Studio album by Jeff Goldblum and the Mildred Snitzer Orchestra
- Released: April 25, 2025
- Genre: Jazz
- Length: 40:00
- Label: Decca
- Producer: Alex Frank; Scott Gilman;

Jeff Goldblum and the Mildred Snitzer Orchestra chronology
| I Shouldn't Be Telling You This (2019) | Still Blooming (2025) | Night Blooms (2026) |

Singles from Still Blooming
- "Blue Minor" Released: March 28, 2025; "I Don't Know Why (I Just Do)" Released: April 25, 2025;

= Still Blooming =

Still Blooming is the third studio album by Jeff Goldblum and the Mildred Snitzer Orchestra. It was released on April 25, 2025, via Decca Records.
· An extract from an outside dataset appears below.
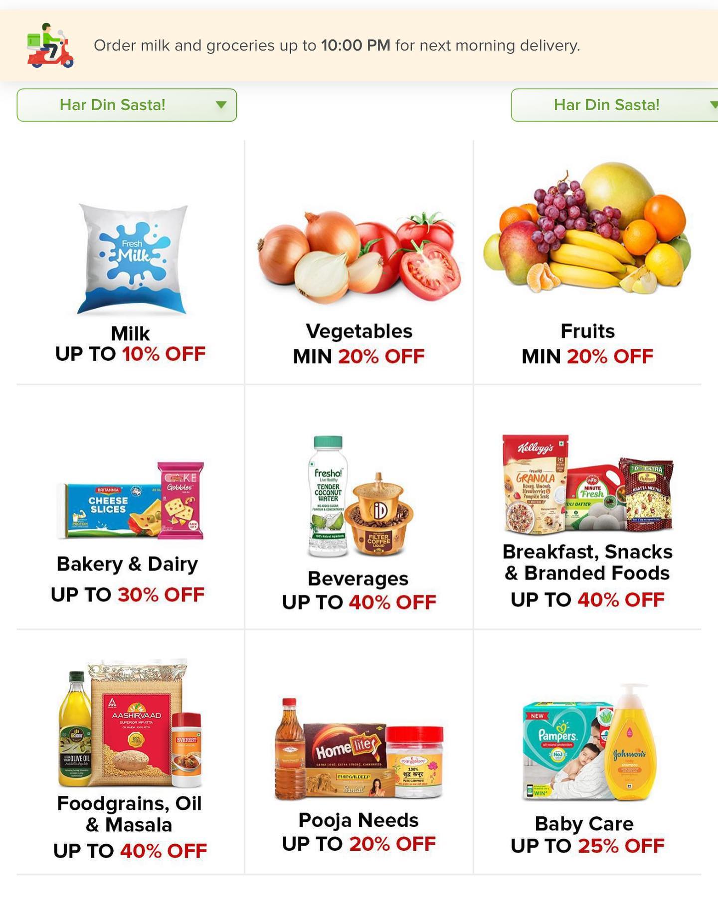 そのBigBasketが、COVID-19のロックダウン下で、新たなサーヴィスを開始した。スマートフォンにダウンロードしたアプリから注文できるBBdailyというもので、夜の10時までに注文したら、朝8時ごろまでに、玄関先まで配達してくれるというもの。最初は牛乳やヨーグルトなどの乳製品だけだったが、気づいたら、野菜に果物と次々に選択肢が増え、今や、スーパーマーケット状態。便利である。

Produced by members Alex Frank and Scott Gilman, it features guest appearances from Ariana Grande, Cynthia Erivo, Maiya Sykes and Scarlett Johansson.

Professional ratings
Review scores
| Source | Rating |
| Clash | 7/10 |

==Track listing==

Still Blooming track listing
| No. | Title | Writer(s) | Length |
|---|---|---|---|
| 1. | "I Don't Know Why (I Just Do)" (featuring Ariana Grande) | Roy Turk; Fred Ahlert; | 3:47 |
| 2. | "The Grease Patrol" | Plas Johnson | 5:54 |
| 3. | "We'll Meet Again" (featuring Cynthia Erivo) | Hughie Charles; Ross Parker; | 4:15 |
| 4. | "Blue Minor" | Sonny Clark | 4:33 |
| 5. | "The Best Is Yet to Come" (featuring Scarlett Johansson) | Carolyn Leigh; Cy Coleman; | 4:33 |
| 6. | "Bye-Ya" | Thelonious Monk | 4:55 |
| 7. | "Stella by Starlight" (featuring Maiya Sykes) | Victor Young; Ned Washington; | 4:25 |
| 8. | "Bouncing with Bud" | Earl Rudolph Powell | 2:54 |
| 9. | "Ev'ry Time We Say Goodbye" | Cole Porter | 4:44 |
| Total length: |  |  | 40:00 |

==Personnel==
Credits adapted from Tidal.

===Jeff Goldblum & the Mildred Snitzer Orchestra===
- Joe Bagg – organ (all tracks), arrangement (tracks 1–6, 8, 9)
- Kenny Elliott – drums (all tracks), arrangement (4, 6, 8)
- Alex Frank – bass, conductor, music direction, production (all tracks); arrangement (1–6, 8, 9)
- Scott Gilman – tenor saxophone, production, mixing, engineering (all tracks); arrangement (4, 6, 8)
- Jeff Goldblum – piano (all tracks), arrangement (4, 6, 8)
- James King – alto saxophone (1, 3, 4, 6, 8), tenor saxophone (2), baritone saxophone (3, 4), flute (3, 5, 7, 9), arrangement (4, 6, 8)
- John Storie – guitar (all tracks), arrangement (4, 6–8)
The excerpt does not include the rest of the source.